Exercise objective:
Lines from the one with "Palau marine officer" through the end of the records, and no others, are what the answer should contain, copied exactly; please keep pictures out.

Data for this task:

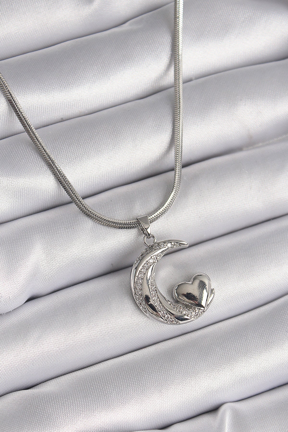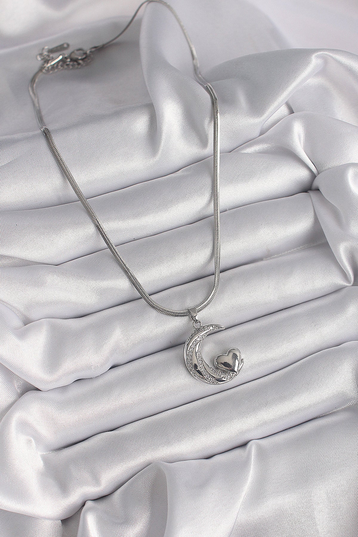 - Ürün Adı: 316L Çelik Gümüş Renk İtalyan Zincir Zirkon Taşlı Halil Figür Kalp Detay Kadın Kolye
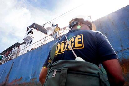 Palau marine officer Earl Benhart prepares to board the Sal 19, a fishing vessel transiting through Palauan waters. The Sal 19 was one of the three boats caught unlawfully moving tuna. (Photo: Shannon Service)
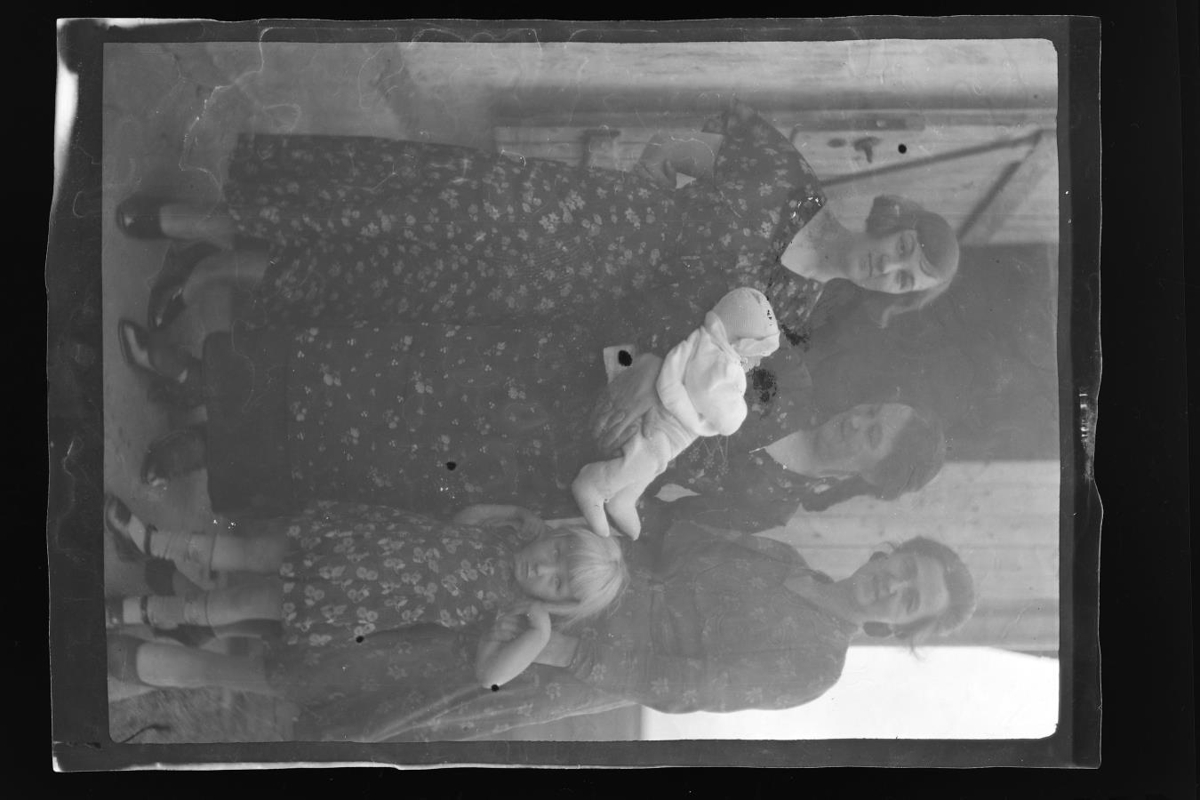 við húsdyr og er ein með barn í fangi. Frá vinstri: Ólöf Briem, Ingibjörg
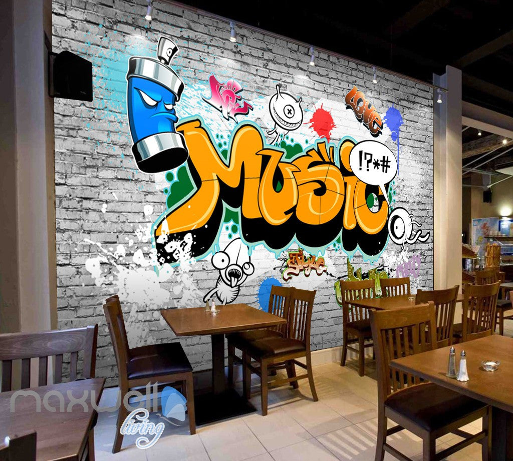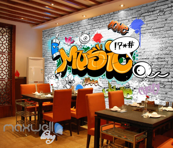 3D Graffiti Music Word Bricks Wall Murals Wallpaper Wall Art Decals Decor IDCWP-TY-000118
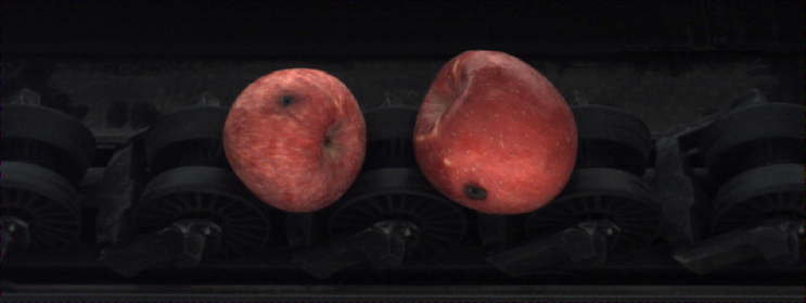 在苹果的分选过程中,泰禾光电AI色选机通过采集苹果相关的数据,让算法寻找数据中本质性的、客观存在、可验证的区别,把它们分成不同的类别,利用深度学习强大的表征能力,进行检测、识别、判断。通过计算机视觉技术、工业级高速计算平台实现将苹果中的霉心病、腐烂果、戳伤果、皱皮果、黄等分选出来并剔除。
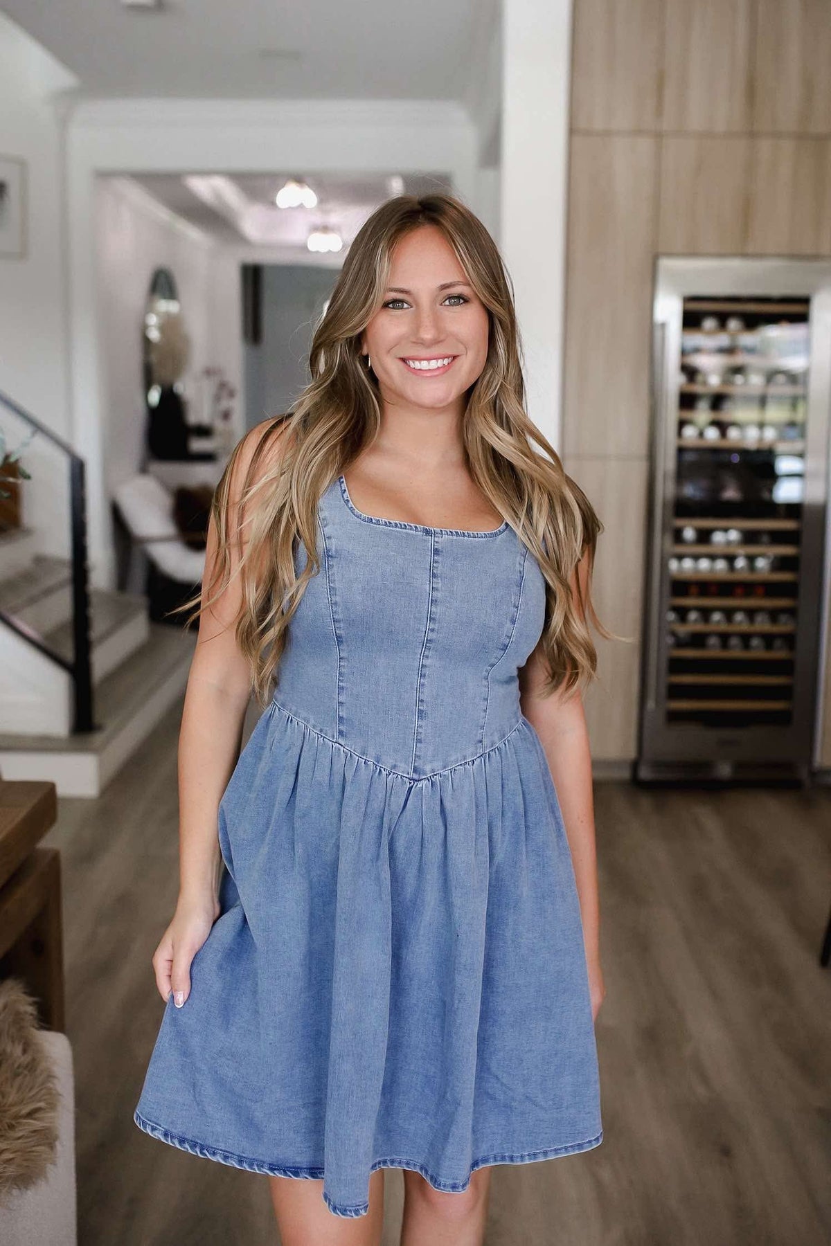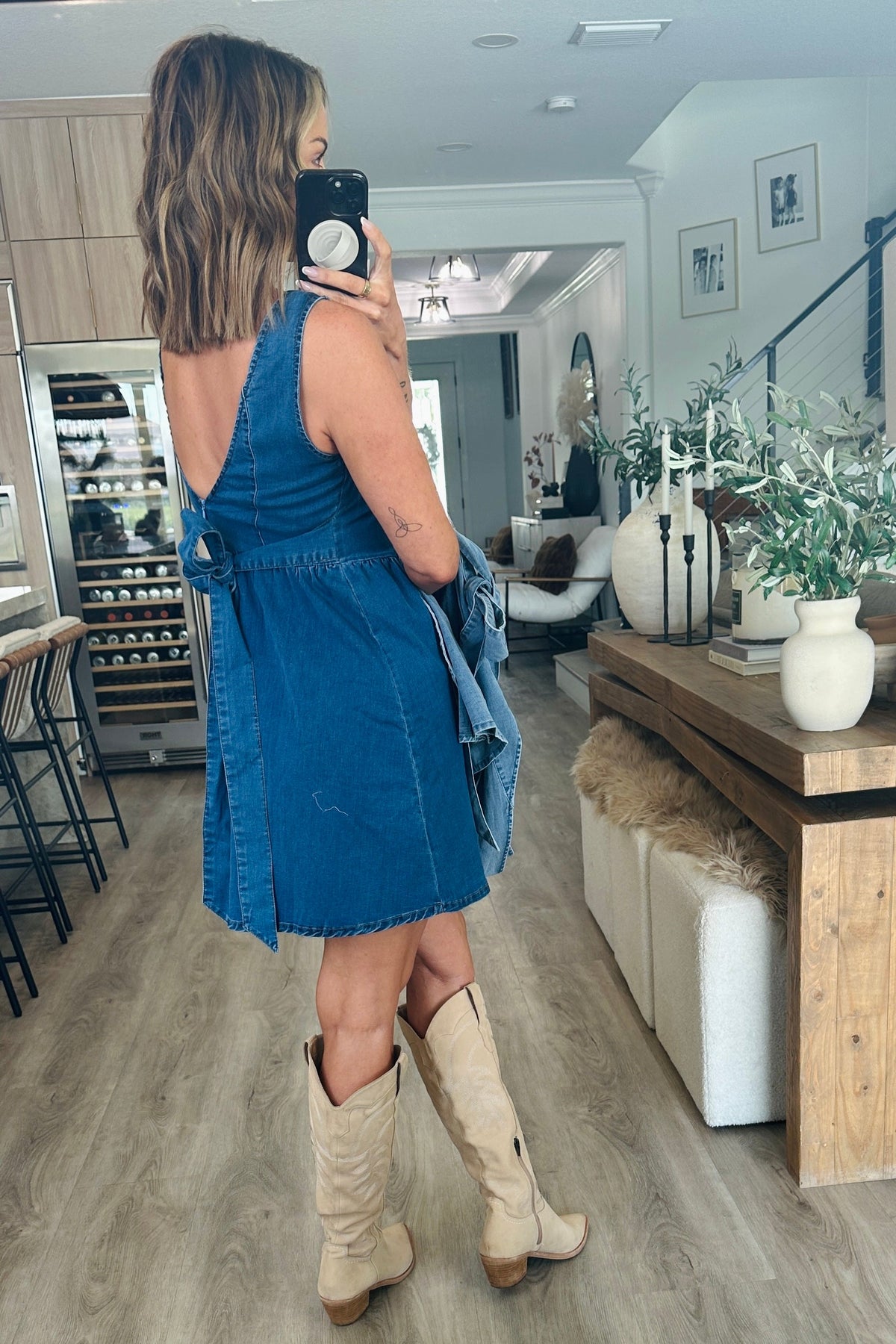 Sweet with a little sass, the V-Back Bow Tie Denim Skater Dress is your flirty go-to for sunny days, weekend plans, and everything in between. Made from soft, lightweight denim, this skater silhouette cinches at the waist and flares out for a flattering, twirl-worthy finish.

Result:
 Palau marine officer Earl Benhart prepares to board the Sal 19, a fishing vessel transiting through Palauan waters. The Sal 19 was one of the three boats caught unlawfully moving tuna. (Photo: Shannon Service)
 við húsdyr og er ein með barn í fangi. Frá vinstri: Ólöf Briem, Ingibjörg
 3D Graffiti Music Word Bricks Wall Murals Wallpaper Wall Art Decals Decor IDCWP-TY-000118
 在苹果的分选过程中,泰禾光电AI色选机通过采集苹果相关的数据,让算法寻找数据中本质性的、客观存在、可验证的区别,把它们分成不同的类别,利用深度学习强大的表征能力,进行检测、识别、判断。通过计算机视觉技术、工业级高速计算平台实现将苹果中的霉心病、腐烂果、戳伤果、皱皮果、黄等分选出来并剔除。
 Sweet with a little sass, the V-Back Bow Tie Denim Skater Dress is your flirty go-to for sunny days, weekend plans, and everything in between. Made from soft, lightweight denim, this skater silhouette cinches at the waist and flares out for a flattering, twirl-worthy finish.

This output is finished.